[Start of section]

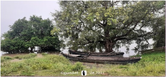 मैं एक दो दिन में बाढ़ देखने जाता हूं। बाढ़ मापने के दो गंगा-घाट हैं मेरे पास – द्वारिकापुर और कोलाहलपुर। द्वारिकापुर सवर्णों का घाट है और कोलाहलपुर अवर्णों का। दोनो के अपने अलग मिजाज हैं। द्वारिकापुर में पीपल का एक विशालकाय वृक्ष है। एक पाकड़ भी है जिसके नीचे की पत्थर की बैंच पर बैठ कर चौधरी टाइप लोग अपनी बालू की नावों का ट्रेक्टरों में ट्रांस-शिपमेण्ट सुपरवाइज किया करते थे। अब वहां वह बेंच जलमग्न हो गयी है। किनारे लंगर डाली मोटर लगी बड़ी नावें जिनपर बालू ढुलाई होती थी, अब बाढ़ के साथ साथ अपना स्थान बदल रही हैं। उन्हें गंगा की धारा से बचाने का यत्न करते हैं उसके मालिक लोग।
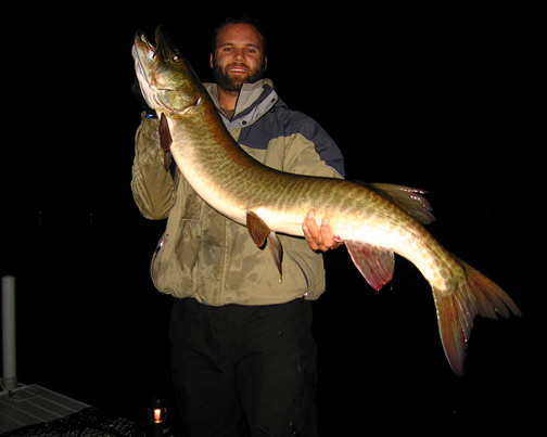 Posts: 189 Location: Hoboken, NJ / North Webster, IN | I caught my personal best 48" muskie on Saturday just after dark in Indiana. Was headed into the dock after a really rough day of fishing(fished hard from 7:30-5p with a total of 3 follows for me and my pops). I decided to leave a sucker out about 30 feet off the pier. Did so, pulled into the shore station and was working the sucker in just popping it occasionally from the pier and it started moving left. Asked my pops to shine the spotlight out and see a tail a good 5 feet behind my bobber. Finally got her going away from me and heave-ho!!! Netted her off our pier, a few pics and off she went. This is now a family best so dad will be hitting it hard to correct that this fall!!! Attachments ---------------- 48_muskie.jpg (32KB - 162 downloads) | ||
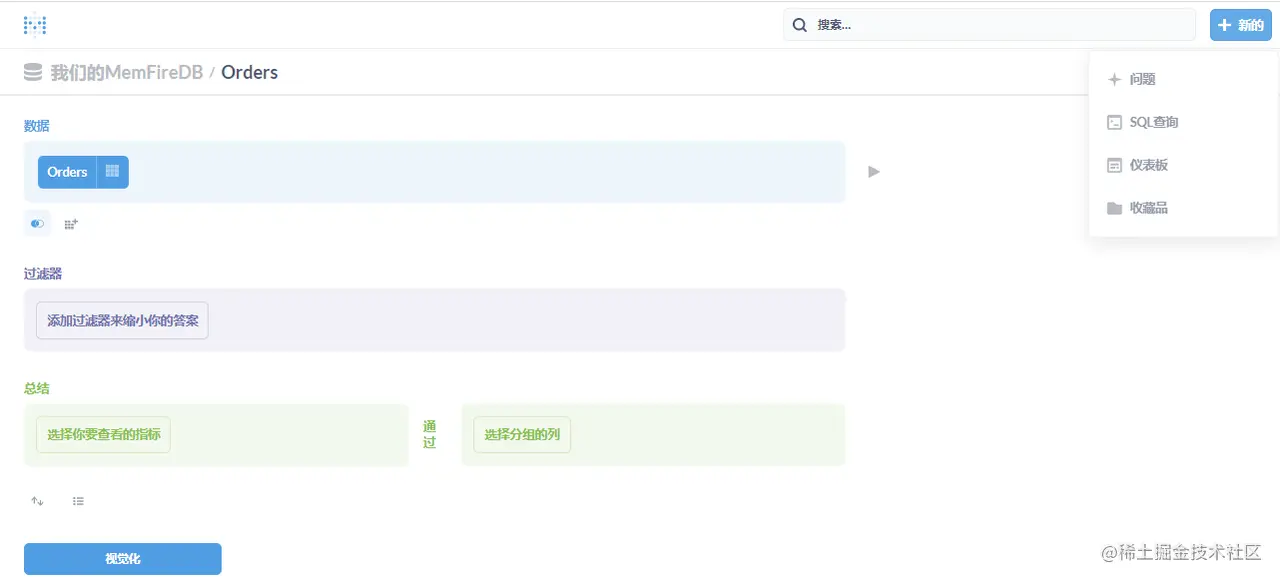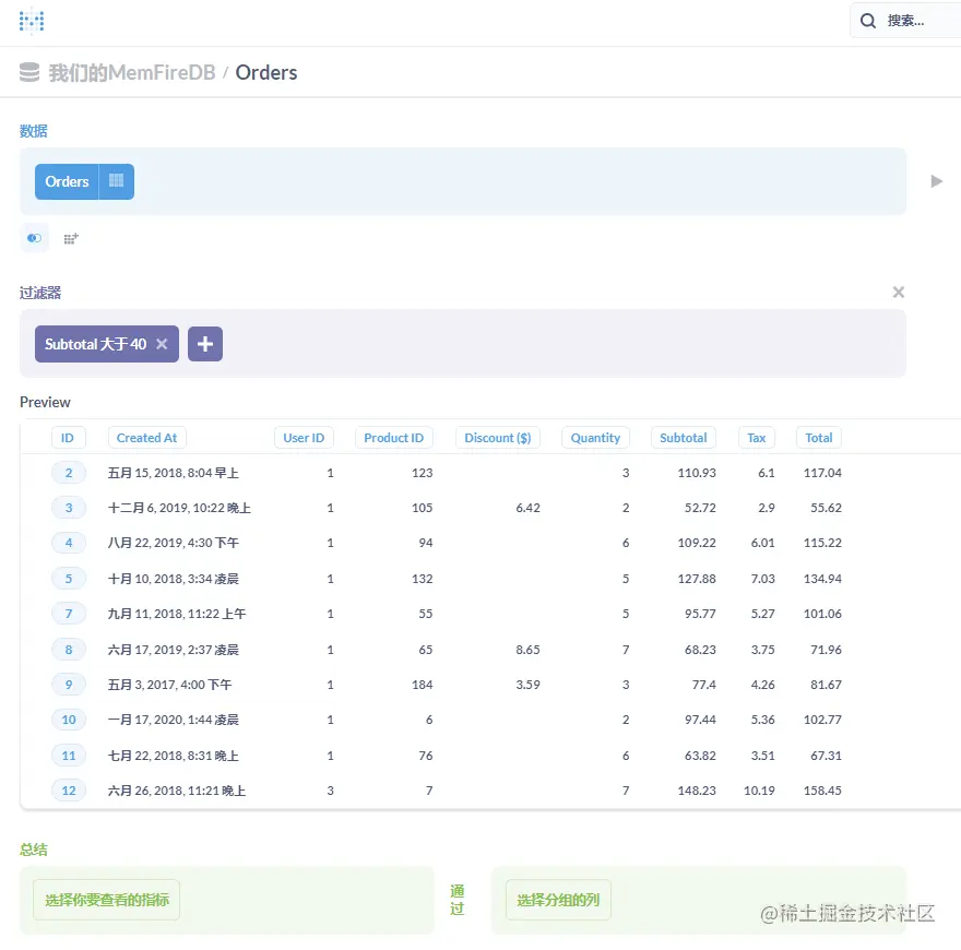 您可以通过过滤和总结其结果来处理问题,将这些探索保存为新问题,并将问题添加到仪表板. 对于接下来的几个示例,我们将使用 Metabase 中的我们的MemFireDB数据库。

[End of section]

◆ **PROBLEM TO WORK ON**
Across the whole listing, reproduce each line verbatim and exclude every picture.

◆ **OUTPUT**
 मैं एक दो दिन में बाढ़ देखने जाता हूं। बाढ़ मापने के दो गंगा-घाट हैं मेरे पास – द्वारिकापुर और कोलाहलपुर। द्वारिकापुर सवर्णों का घाट है और कोलाहलपुर अवर्णों का। दोनो के अपने अलग मिजाज हैं। द्वारिकापुर में पीपल का एक विशालकाय वृक्ष है। एक पाकड़ भी है जिसके नीचे की पत्थर की बैंच पर बैठ कर चौधरी टाइप लोग अपनी बालू की नावों का ट्रेक्टरों में ट्रांस-शिपमेण्ट सुपरवाइज किया करते थे। अब वहां वह बेंच जलमग्न हो गयी है। किनारे लंगर डाली मोटर लगी बड़ी नावें जिनपर बालू ढुलाई होती थी, अब बाढ़ के साथ साथ अपना स्थान बदल रही हैं। उन्हें गंगा की धारा से बचाने का यत्न करते हैं उसके मालिक लोग।
 Posts: 189 Location: Hoboken, NJ / North Webster, IN | I caught my personal best 48" muskie on Saturday just after dark in Indiana. Was headed into the dock after a really rough day of fishing(fished hard from 7:30-5p with a total of 3 follows for me and my pops). I decided to leave a sucker out about 30 feet off the pier. Did so, pulled into the shore station and was working the sucker in just popping it occasionally from the pier and it started moving left. Asked my pops to shine the spotlight out and see a tail a good 5 feet behind my bobber. Finally got her going away from me and heave-ho!!! Netted her off our pier, a few pics and off she went. This is now a family best so dad will be hitting it hard to correct that this fall!!! Attachments ---------------- 48_muskie.jpg (32KB - 162 downloads) | ||
 您可以通过过滤和总结其结果来处理问题,将这些探索保存为新问题,并将问题添加到仪表板. 对于接下来的几个示例,我们将使用 Metabase 中的我们的MemFireDB数据库。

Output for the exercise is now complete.